# YOUR OBJECTIVE
Begin at the line below that has "But on the flip". Stop after the line that has "Students celebrated the", repeating each line exactly and leaving out the pictures.

# DATA SHOWN
BEGIN
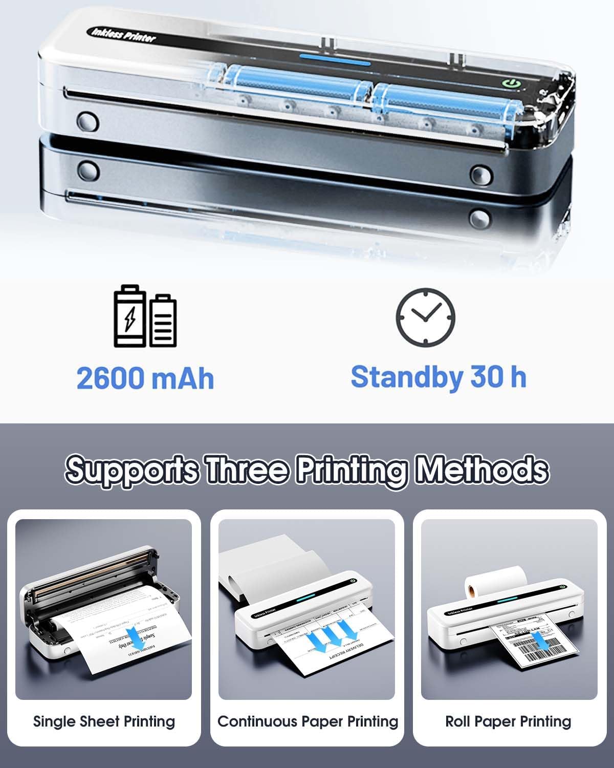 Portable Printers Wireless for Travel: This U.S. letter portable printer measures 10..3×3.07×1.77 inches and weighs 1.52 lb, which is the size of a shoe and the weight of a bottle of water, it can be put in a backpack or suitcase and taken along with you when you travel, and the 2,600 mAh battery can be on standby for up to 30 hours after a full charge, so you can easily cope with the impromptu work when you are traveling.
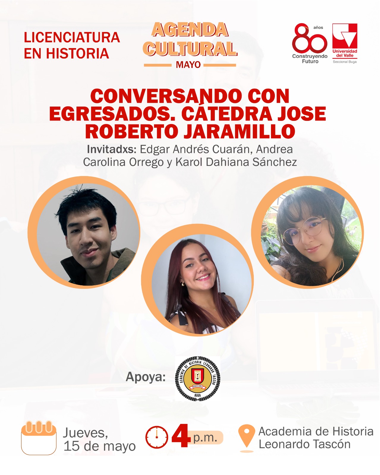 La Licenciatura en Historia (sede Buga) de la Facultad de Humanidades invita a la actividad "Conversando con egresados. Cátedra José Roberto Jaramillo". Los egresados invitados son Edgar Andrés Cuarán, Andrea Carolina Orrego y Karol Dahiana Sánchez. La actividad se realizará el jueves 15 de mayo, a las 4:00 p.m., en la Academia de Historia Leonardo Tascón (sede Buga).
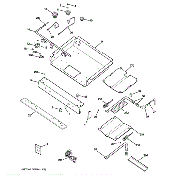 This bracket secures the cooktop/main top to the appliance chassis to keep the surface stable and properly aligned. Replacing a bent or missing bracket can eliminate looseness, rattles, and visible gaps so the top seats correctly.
END
BEGIN
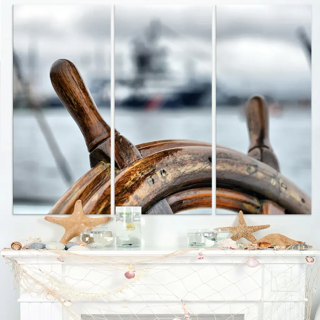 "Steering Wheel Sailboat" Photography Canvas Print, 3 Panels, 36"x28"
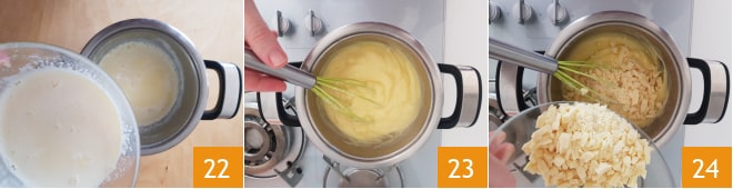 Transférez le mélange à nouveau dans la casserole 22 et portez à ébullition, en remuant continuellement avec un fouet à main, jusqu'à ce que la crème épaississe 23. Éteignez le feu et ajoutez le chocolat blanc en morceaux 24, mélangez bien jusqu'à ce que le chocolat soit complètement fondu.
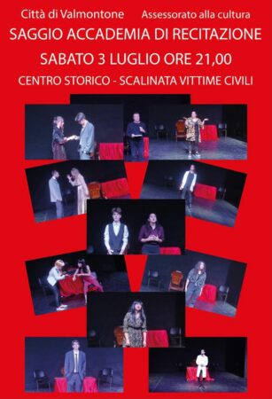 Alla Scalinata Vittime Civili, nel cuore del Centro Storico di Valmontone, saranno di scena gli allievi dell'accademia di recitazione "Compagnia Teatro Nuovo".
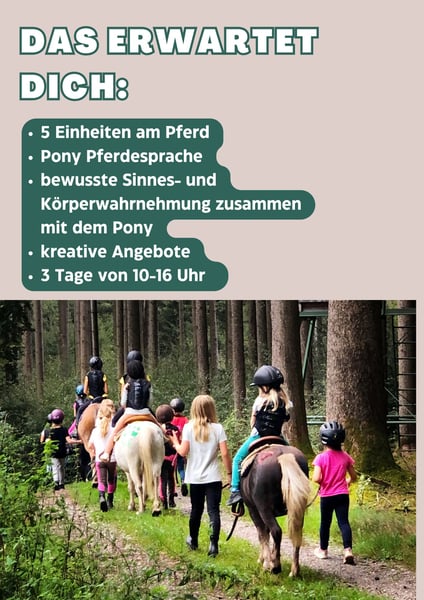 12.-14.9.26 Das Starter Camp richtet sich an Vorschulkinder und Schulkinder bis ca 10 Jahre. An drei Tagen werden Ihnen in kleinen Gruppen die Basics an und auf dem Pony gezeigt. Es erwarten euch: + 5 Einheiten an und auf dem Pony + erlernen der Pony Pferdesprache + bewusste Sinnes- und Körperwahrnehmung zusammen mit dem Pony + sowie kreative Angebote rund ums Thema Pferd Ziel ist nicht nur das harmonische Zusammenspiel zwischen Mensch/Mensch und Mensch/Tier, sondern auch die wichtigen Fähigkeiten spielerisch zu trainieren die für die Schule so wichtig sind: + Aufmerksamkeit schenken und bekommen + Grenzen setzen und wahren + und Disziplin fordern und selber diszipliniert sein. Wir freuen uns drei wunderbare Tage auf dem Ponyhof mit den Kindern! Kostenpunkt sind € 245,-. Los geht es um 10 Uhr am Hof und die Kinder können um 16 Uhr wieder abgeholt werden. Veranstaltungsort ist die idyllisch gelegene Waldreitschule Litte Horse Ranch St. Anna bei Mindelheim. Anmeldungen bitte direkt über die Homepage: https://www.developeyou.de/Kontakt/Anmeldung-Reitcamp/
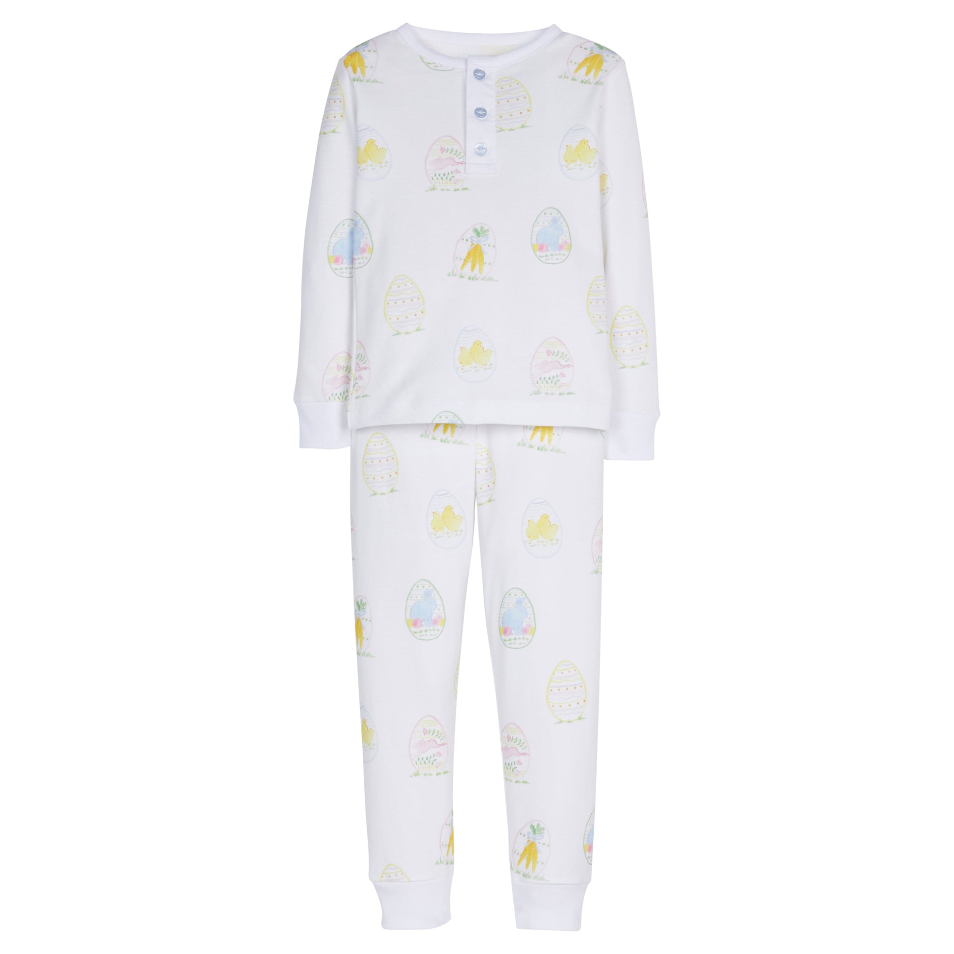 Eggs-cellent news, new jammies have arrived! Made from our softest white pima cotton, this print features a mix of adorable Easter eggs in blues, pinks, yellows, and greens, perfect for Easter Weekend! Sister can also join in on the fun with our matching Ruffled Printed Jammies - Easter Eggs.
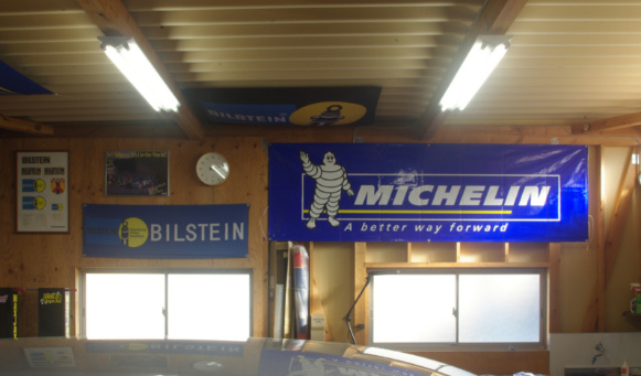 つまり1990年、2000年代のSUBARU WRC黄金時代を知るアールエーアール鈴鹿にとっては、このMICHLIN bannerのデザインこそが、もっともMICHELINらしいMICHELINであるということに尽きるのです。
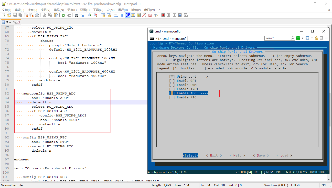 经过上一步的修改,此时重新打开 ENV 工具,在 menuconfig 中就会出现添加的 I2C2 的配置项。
END
BEGIN
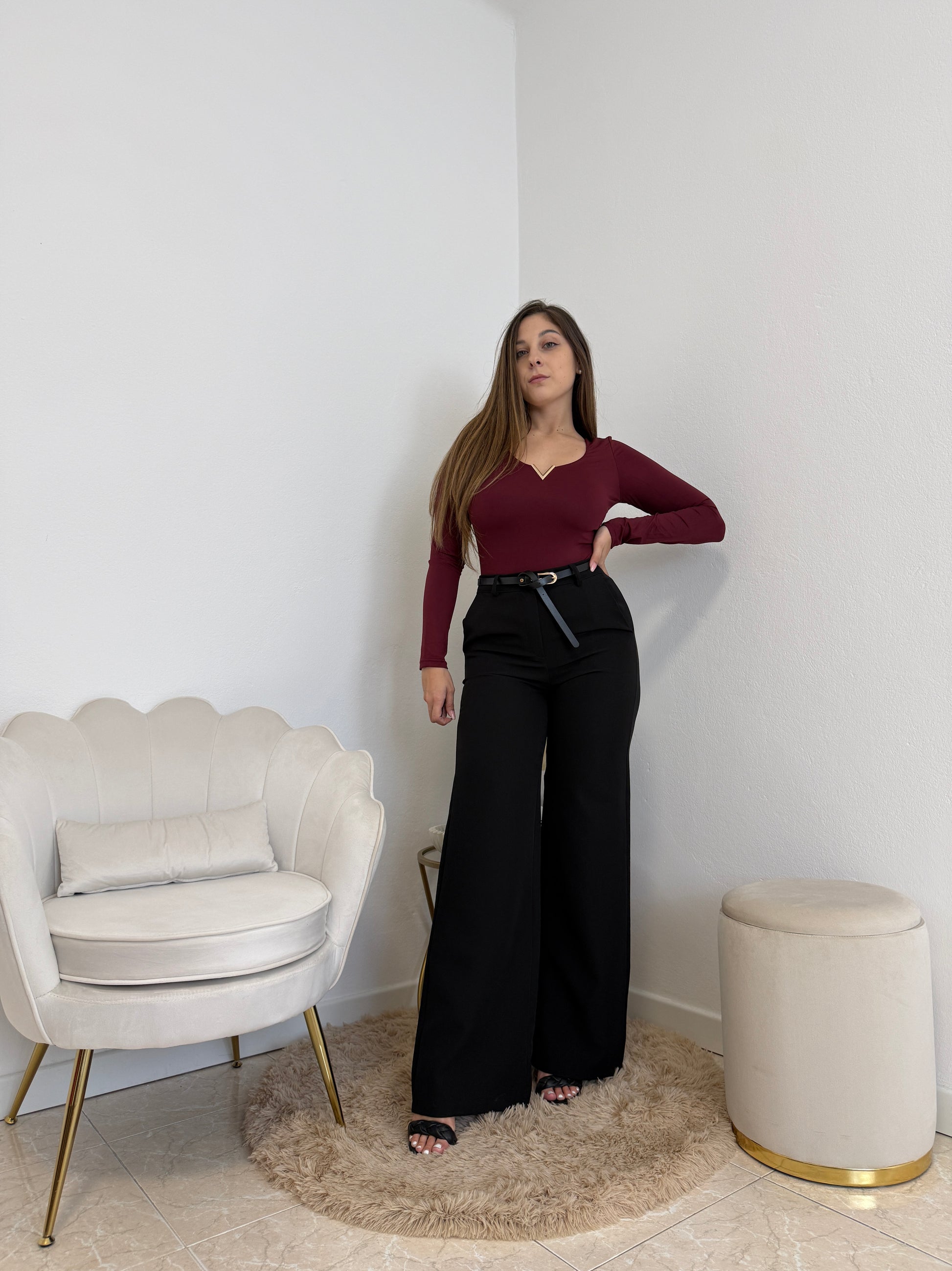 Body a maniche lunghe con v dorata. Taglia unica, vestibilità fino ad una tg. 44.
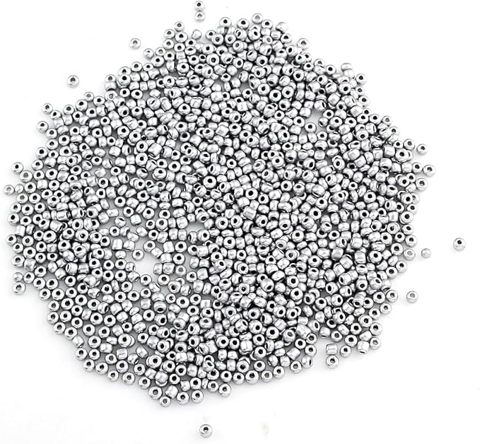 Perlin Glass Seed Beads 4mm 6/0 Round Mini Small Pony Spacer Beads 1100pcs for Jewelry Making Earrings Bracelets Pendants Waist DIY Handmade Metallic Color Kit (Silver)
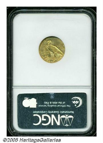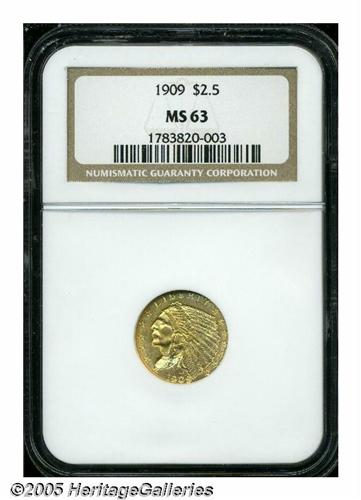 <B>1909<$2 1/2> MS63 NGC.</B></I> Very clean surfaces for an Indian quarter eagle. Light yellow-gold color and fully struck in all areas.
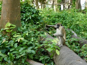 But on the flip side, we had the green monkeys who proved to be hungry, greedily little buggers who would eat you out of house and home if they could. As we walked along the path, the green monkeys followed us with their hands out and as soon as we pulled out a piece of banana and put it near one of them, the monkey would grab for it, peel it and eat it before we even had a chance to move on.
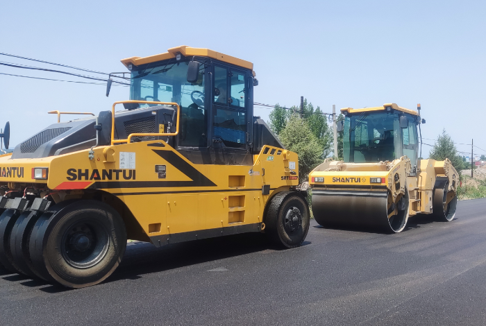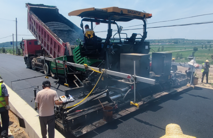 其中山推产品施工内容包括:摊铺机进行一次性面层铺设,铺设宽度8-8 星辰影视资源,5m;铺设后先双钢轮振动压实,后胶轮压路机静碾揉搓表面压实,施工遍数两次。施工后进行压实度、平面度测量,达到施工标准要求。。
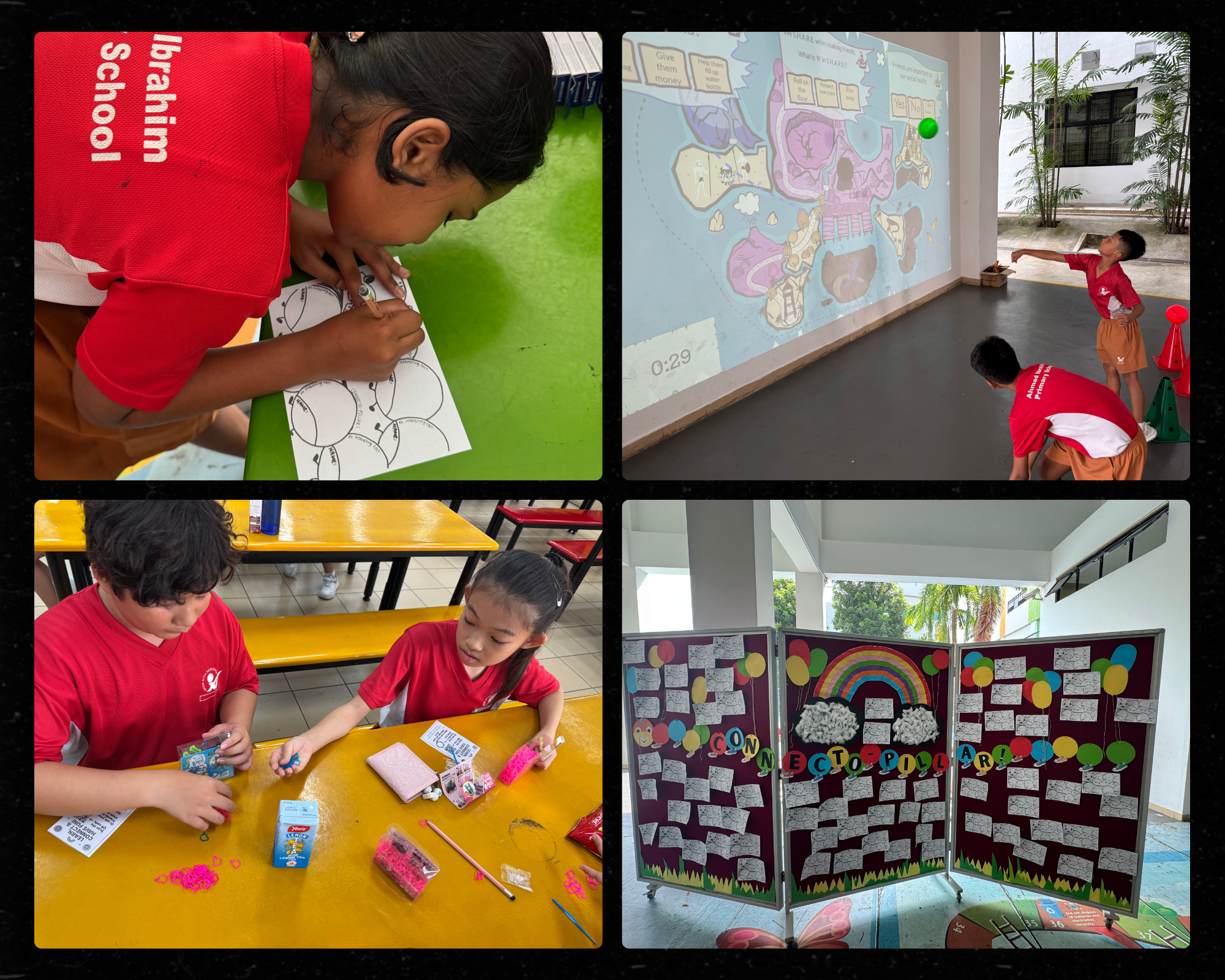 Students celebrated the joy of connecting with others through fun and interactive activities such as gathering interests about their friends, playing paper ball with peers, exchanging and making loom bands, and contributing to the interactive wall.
END
# RESPONSE AREA
 But on the flip side, we had the green monkeys who proved to be hungry, greedily little buggers who would eat you out of house and home if they could. As we walked along the path, the green monkeys followed us with their hands out and as soon as we pulled out a piece of banana and put it near one of them, the monkey would grab for it, peel it and eat it before we even had a chance to move on.
 其中山推产品施工内容包括:摊铺机进行一次性面层铺设,铺设宽度8-8 星辰影视资源,5m;铺设后先双钢轮振动压实,后胶轮压路机静碾揉搓表面压实,施工遍数两次。施工后进行压实度、平面度测量,达到施工标准要求。。
 Students celebrated the joy of connecting with others through fun and interactive activities such as gathering interests about their friends, playing paper ball with peers, exchanging and making loom bands, and contributing to the interactive wall.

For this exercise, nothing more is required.